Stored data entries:
▬▬▬▬▬▬▬▬▬▬

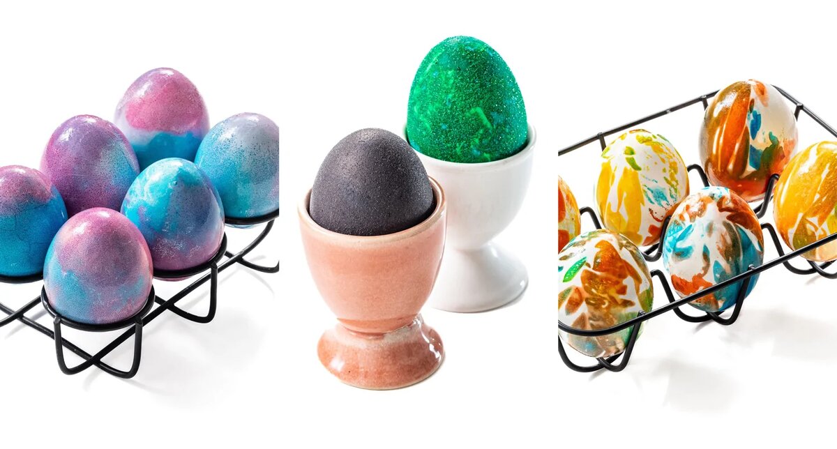 Каждую Пасху мы красим яйца и часто пытаемся придумать все новые способы покраски и рисунки. В этот раз мы окрасили яйца в соде, в салфетках и в вине. Собрали из этих рецептов полезный материал, а заодно присовокупили к нему два красивых пользовательских рецепта: покраска а-ля динозавровых яиц и покраска яиц в кружеве. Редкой красоты яйца, с космическим розово-голубым переливом. Тут краситель смешивался с содой и эту кашу мы хаотично наносили на яйцо. Чтобы поверхность скорлупы и цвет стали интенсивней, мы покрыли яйцо растительным маслом. Еще один новый для нас способ: мы завернули каждое яйцо в салфетку, а после уже начали этот кулек раскрашивать. Получилось красочно и совершенно непредсказуемо. Для тех, кто никуда не спешит. Тут два типа яиц: одни были покрашены в красном вине, другие — в белом с зеленым красителем. Также в покраске яиц участвовал сахар, который потом создал на поверхности скорлупы красивый сверкающий налет. А это уже эксперимент с салфетками, проводимый нашими чи
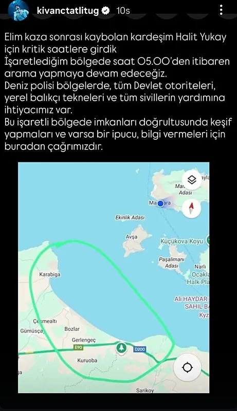 Havadan helikopterlerle, denizden de Sahil Güvenlik botları ve balıkçı tekneleriyle sürdürülen arama çalışmalarına, Halit Yukay'ın arkadaşı, oyuncu Kıvanç Tatlıtuğ da katıldı. Sahil Güvenlik ekipleriyle birlikte dalış yapan Tatlıtuğ'un, dronla havadan da arama yaptığı öğrenildi. Olay günü oyuncuyla telefonda görüşen Halit Yukay'ın, Bozcaada'daki ailesini alıp Yunanistan'da tatil yapan Tatlıtuğ ailesinin yanına gitmeyi planladığı öğrenildi. Sosyal medya hesabından video ile yardım çağrısı yapan Kıvanç Tatlıtuğ, paylaştığı haritada işaretlediği Çanakkale kıyılarında keşif çalışması yapılmasını istedi.
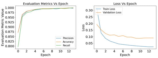To achieve the best output result, the values of hyper-parameters for CNN classifiers are designated after carefully analyzing the learning process. According to Table 2, a batch size of 10 is considered, and the models are trained for 100 epochs. An epoch refers to the one complete training cycle of a forward pass and backpropagation. To finalize the epoch size, two functions called early stopping and the reduced learning rate is applied in these models. These two functions help the models avoid over-fitting by stopping the model’s training process when the best accuracy is achieved. This also helps reduce the models’ computational costs (time and computer memory). After completing all the combinations of sensitivity analysis, it is found that the models reach their optimized performance condition within the 100 epochs. Therefore, this study considered 100 epochs for model training. Moreover, for batch size, it is observed that with a group of 10 images, the model learns the features with a minimal computational cost. Moreover, as an activation function, ReLu performed to have a positive impact on the model’s performance. According to some previous studies, SGD and RMSprop are some commonly used optimizers to train the CNN models [,,,]. Moreover, some studies used a learning rate of 0.001 [] and 0.0001 [] to control the learning process of the CNN model to achieve the best performance. Hence this study explored two different optimization functions: SGD and RMSprop along with three different learning rates 0.1, 0.001, and 0.0001 for each of the five models separately and summarized the results in Section 3. Finally, the best hyper-parameters values are decided on by evaluating the trained model with the testing dataset and comparing their results using the evaluation matrices.
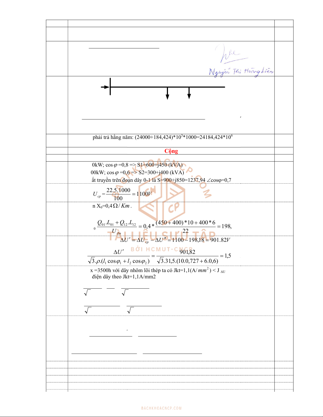 Tiền điện phải trả hằng năm: (24000+184,424)*103*1000=24184,424*106 đồng n 0,5 Cộng 2 Câu 2 ý 1 -Tải 1: 600kW; cos =0,8 , => = > S1=600+j450 (kVA) 0,25
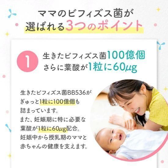 ママのビフィズス菌は、生きたビフィズス菌BB536を100億個と葉酸60μgを
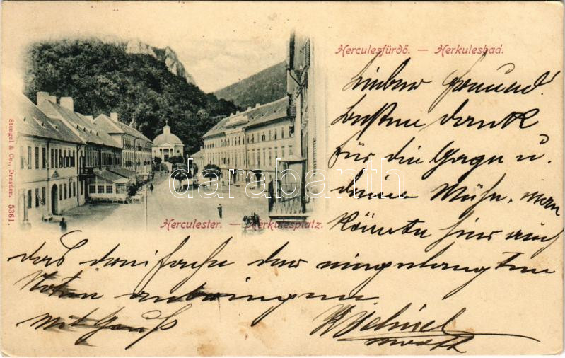 1897 (Vorläufer) Herkulesfürdő, Baile Herculane; Hercules tér / square https://www.darabanth.com/de/435-Fernauktion/435.0/Ansichtskarten/Siebenburgen~2500008/1897-Vorlaufer-Herkulesfurdo-Baile-Herculane-Hercules-ter-square~II2822972

▬▬▬▬▬▬▬▬▬▬

=== Task prompt ===
The lines from the one containing "Tiền điện phải" through the final line of the data are to be repeated exactly, with both ends included and all pictures left out.

=== Response to this exercise ===
 Tiền điện phải trả hằng năm: (24000+184,424)*103*1000=24184,424*106 đồng n 0,5 Cộng 2 Câu 2 ý 1 -Tải 1: 600kW; cos =0,8 , => = > S1=600+j450 (kVA) 0,25
 ママのビフィズス菌は、生きたビフィズス菌BB536を100億個と葉酸60μgを
 1897 (Vorläufer) Herkulesfürdő, Baile Herculane; Hercules tér / square https://www.darabanth.com/de/435-Fernauktion/435.0/Ansichtskarten/Siebenburgen~2500008/1897-Vorlaufer-Herkulesfurdo-Baile-Herculane-Hercules-ter-square~II2822972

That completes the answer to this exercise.